Solange, que responde pela Promotoria de Fundações, explicou que, após a finalização de uma auditoria no começo do ano que vem, vai pedir na Justiça o ressarcimento, a partir dos valores apurados nos últimos cinco anos. Até o ano passado, antes da descentralização, as auditorias nas contas de todas as fundações do Paraná eram realizadas em Curitiba, o que acabava atrasando os pareceres das promotorias locais. ''Eu tinha uma ação (judicial) pronta, mas decidi aguardar todas essas prestações de contas, porque a reprovação por parte do MP inviabilizaria a fundação e prejudicaria a oferta dos cursos'', afirmou Solange.
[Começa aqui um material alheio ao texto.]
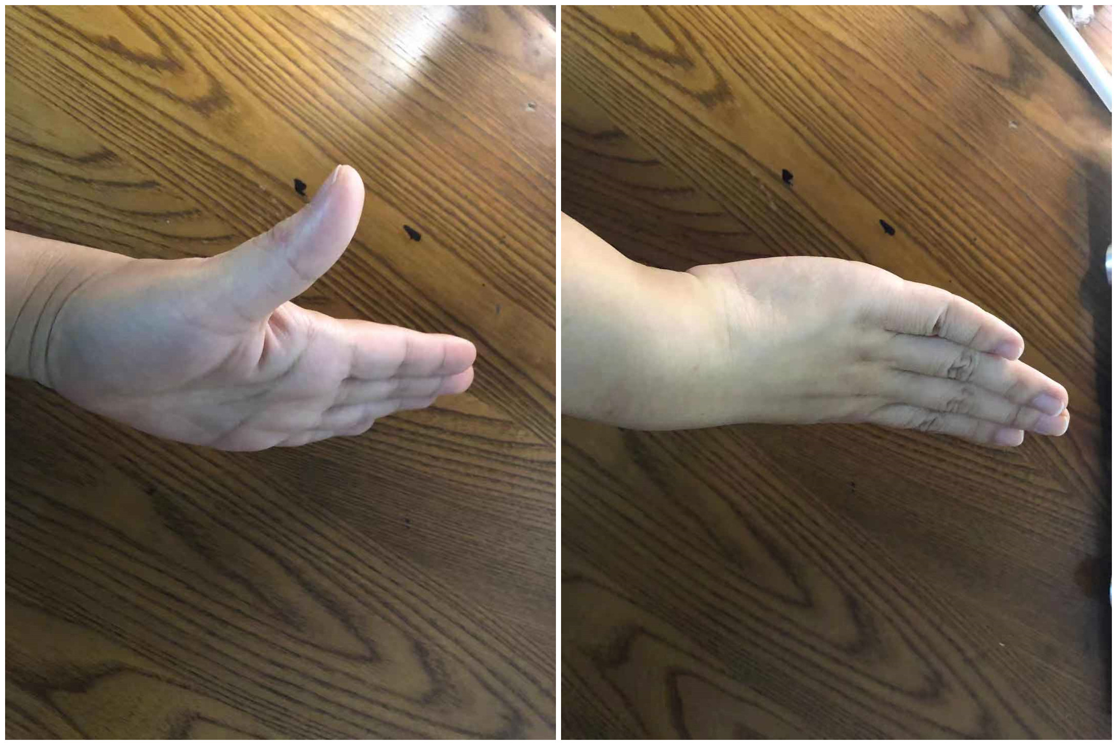 1.外展运动:五指伸直,拇指尽量远离食指,持续片刻,还原。重复10次。

Na ação, ela pediria a saída do então superintendente da Funtel, Moisés Betoni, que acabou sendo afastado do cargo em outubro último a pedido de professores da instituição.
A promotora evitou falar em desvio de verba ou em má-fé dos dirigentes da Funtel, mas admitiu que os auditores já apuraram que ''houve gratificações salariais irregulares, dúvidas em relação a gastos com combustíveis e com diárias''. A fundação, que mantém a escola com cursos de eletrônica, eletroeletrônica, informática e construção civil, não tem fins lucrativos. Segundo Solange, ''as informações parciais do levantamento são de que algumas irregularidades acabaram se repetindo depois de 2006''.
O atual superintendente da Fundação Tecnológica, Edson Luiz Ferreira de Melo, reconheceu que podem ter ocorrido ''gastos diferentes daqueles que são propostos nos convênios, mas não significa que houve desvio em benefício de alguém''. Ele explicou que os recursos da Funtel vêm basicamente das mensalidades dos alunos e dos convênios firmados com o governo, geralmente federal, para a oferta de cursos na área técnica. ''Nossa receita caiu bastante e chega a R$ 75 mil, mas a folha de pagamento consome quase todo esse recurso. Se surgir um imprevisto, complica para a administração'', disse Melo.
A reportagem tentou, por diversas vezes, falar com o ex-superintendente da Funtel, Moisés Betoni, mas ele não foi localizado.